┏━━
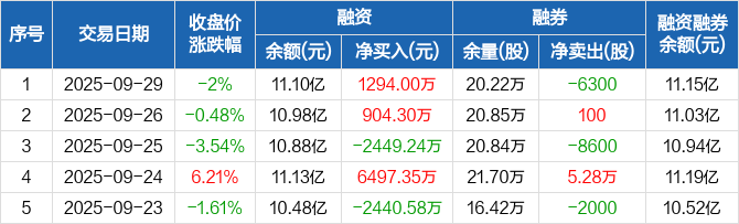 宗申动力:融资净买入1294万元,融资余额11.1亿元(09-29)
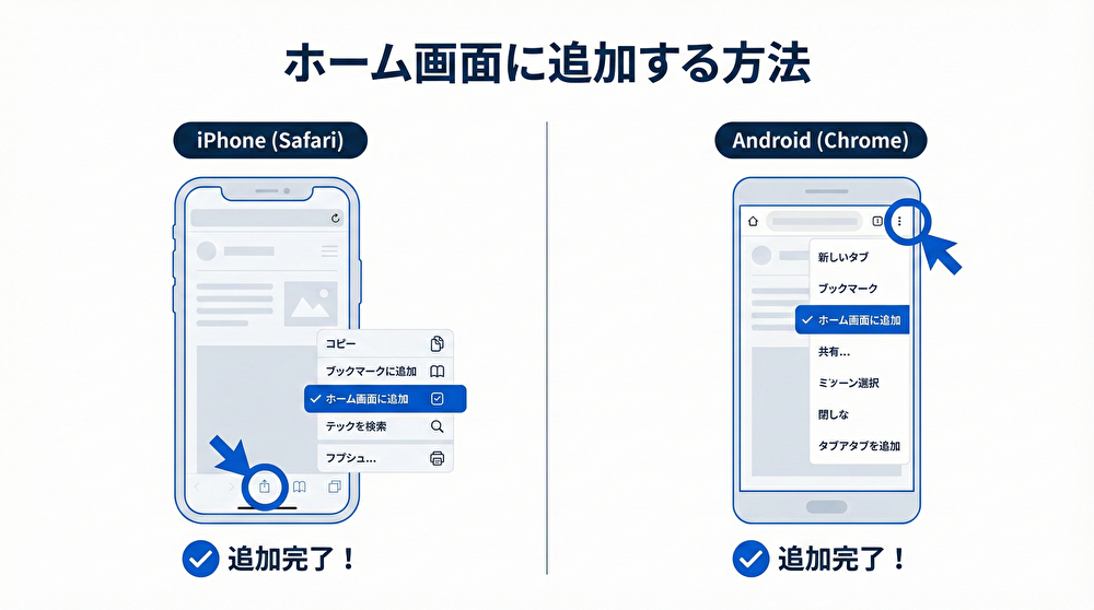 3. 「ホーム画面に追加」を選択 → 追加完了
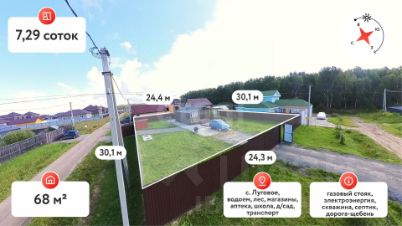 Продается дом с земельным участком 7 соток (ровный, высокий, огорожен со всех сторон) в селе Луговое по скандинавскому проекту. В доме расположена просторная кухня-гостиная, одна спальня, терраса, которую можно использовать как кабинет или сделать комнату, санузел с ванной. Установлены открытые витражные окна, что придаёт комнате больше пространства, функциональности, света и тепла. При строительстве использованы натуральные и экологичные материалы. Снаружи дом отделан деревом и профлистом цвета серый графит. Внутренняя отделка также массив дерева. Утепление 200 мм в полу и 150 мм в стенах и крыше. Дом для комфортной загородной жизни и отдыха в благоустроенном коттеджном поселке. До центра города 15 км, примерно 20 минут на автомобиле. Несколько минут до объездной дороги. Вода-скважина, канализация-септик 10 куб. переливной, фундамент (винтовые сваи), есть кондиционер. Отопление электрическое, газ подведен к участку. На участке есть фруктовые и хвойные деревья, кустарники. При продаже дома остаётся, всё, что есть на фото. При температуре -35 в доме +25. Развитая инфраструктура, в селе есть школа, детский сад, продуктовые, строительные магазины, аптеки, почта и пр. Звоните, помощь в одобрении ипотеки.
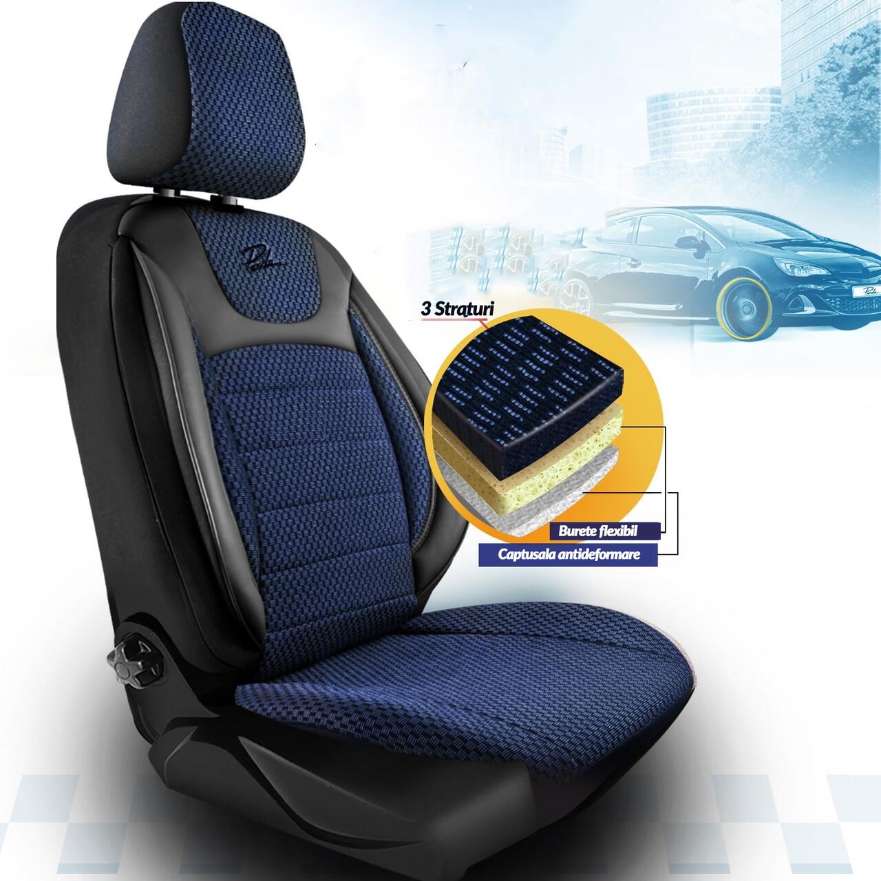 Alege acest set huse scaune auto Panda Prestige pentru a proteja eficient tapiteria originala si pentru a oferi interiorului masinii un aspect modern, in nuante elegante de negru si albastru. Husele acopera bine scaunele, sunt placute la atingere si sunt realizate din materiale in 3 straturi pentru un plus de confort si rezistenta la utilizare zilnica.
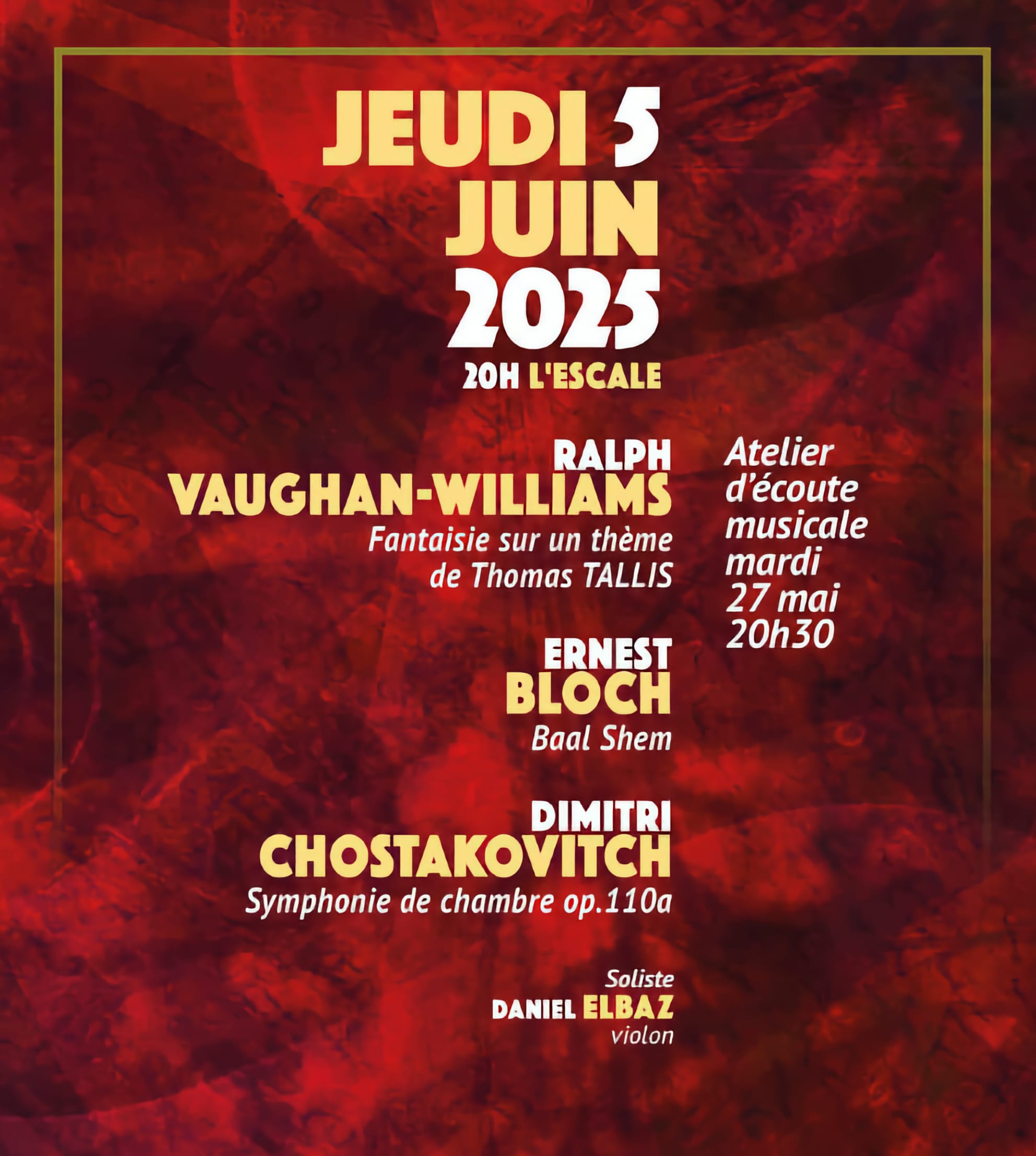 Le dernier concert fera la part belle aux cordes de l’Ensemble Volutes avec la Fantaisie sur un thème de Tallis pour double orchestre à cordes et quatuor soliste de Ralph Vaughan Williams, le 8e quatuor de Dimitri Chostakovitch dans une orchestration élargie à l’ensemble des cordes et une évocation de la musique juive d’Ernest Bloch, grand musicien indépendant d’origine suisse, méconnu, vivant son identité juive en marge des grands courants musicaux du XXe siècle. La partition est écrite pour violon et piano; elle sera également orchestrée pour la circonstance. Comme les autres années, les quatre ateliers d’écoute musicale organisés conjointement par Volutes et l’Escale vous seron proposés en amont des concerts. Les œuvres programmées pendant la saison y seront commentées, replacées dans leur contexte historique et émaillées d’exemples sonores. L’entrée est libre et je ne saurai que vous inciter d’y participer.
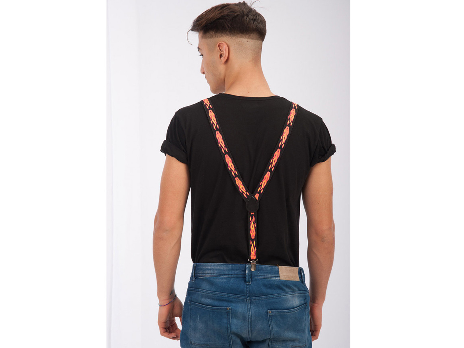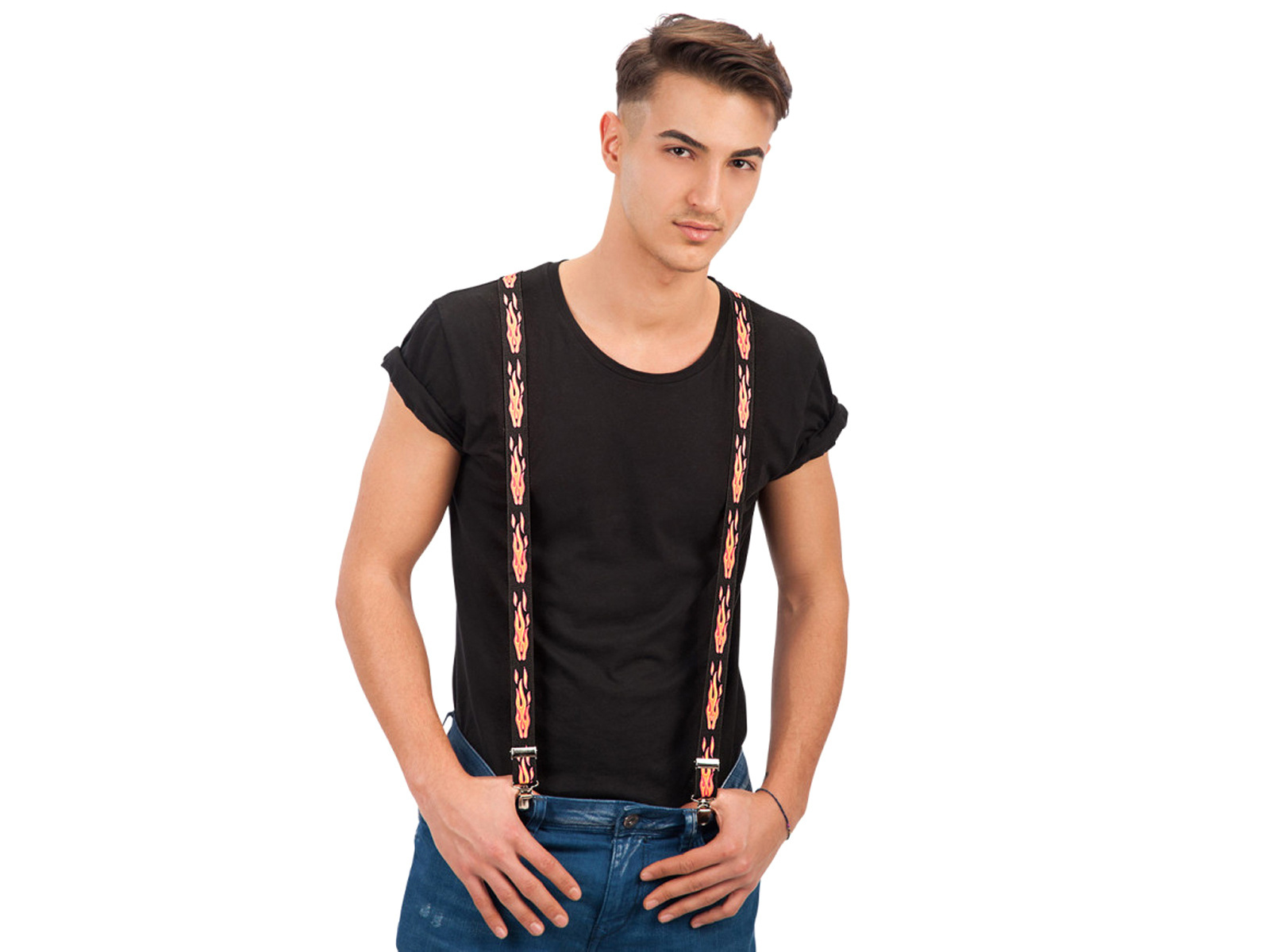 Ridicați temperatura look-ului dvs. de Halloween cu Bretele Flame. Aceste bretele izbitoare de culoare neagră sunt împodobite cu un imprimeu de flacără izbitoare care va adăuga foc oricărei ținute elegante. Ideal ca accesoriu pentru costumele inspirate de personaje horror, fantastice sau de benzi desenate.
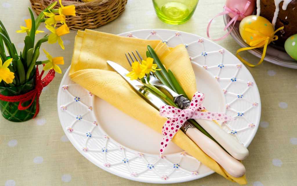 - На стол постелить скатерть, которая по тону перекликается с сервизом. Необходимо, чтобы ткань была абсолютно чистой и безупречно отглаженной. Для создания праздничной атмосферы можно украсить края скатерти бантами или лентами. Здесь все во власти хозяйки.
┗━━
Output exactly, and only, the lines of the entries above from the one with "Продается дом с" up to and including the one with "Alege acest set"; pictures are to be left out.

 Продается дом с земельным участком 7 соток (ровный, высокий, огорожен со всех сторон) в селе Луговое по скандинавскому проекту. В доме расположена просторная кухня-гостиная, одна спальня, терраса, которую можно использовать как кабинет или сделать комнату, санузел с ванной. Установлены открытые витражные окна, что придаёт комнате больше пространства, функциональности, света и тепла. При строительстве использованы натуральные и экологичные материалы. Снаружи дом отделан деревом и профлистом цвета серый графит. Внутренняя отделка также массив дерева. Утепление 200 мм в полу и 150 мм в стенах и крыше. Дом для комфортной загородной жизни и отдыха в благоустроенном коттеджном поселке. До центра города 15 км, примерно 20 минут на автомобиле. Несколько минут до объездной дороги. Вода-скважина, канализация-септик 10 куб. переливной, фундамент (винтовые сваи), есть кондиционер. Отопление электрическое, газ подведен к участку. На участке есть фруктовые и хвойные деревья, кустарники. При продаже дома остаётся, всё, что есть на фото. При температуре -35 в доме +25. Развитая инфраструктура, в селе есть школа, детский сад, продуктовые, строительные магазины, аптеки, почта и пр. Звоните, помощь в одобрении ипотеки.
 Alege acest set huse scaune auto Panda Prestige pentru a proteja eficient tapiteria originala si pentru a oferi interiorului masinii un aspect modern, in nuante elegante de negru si albastru. Husele acopera bine scaunele, sunt placute la atingere si sunt realizate din materiale in 3 straturi pentru un plus de confort si rezistenta la utilizare zilnica.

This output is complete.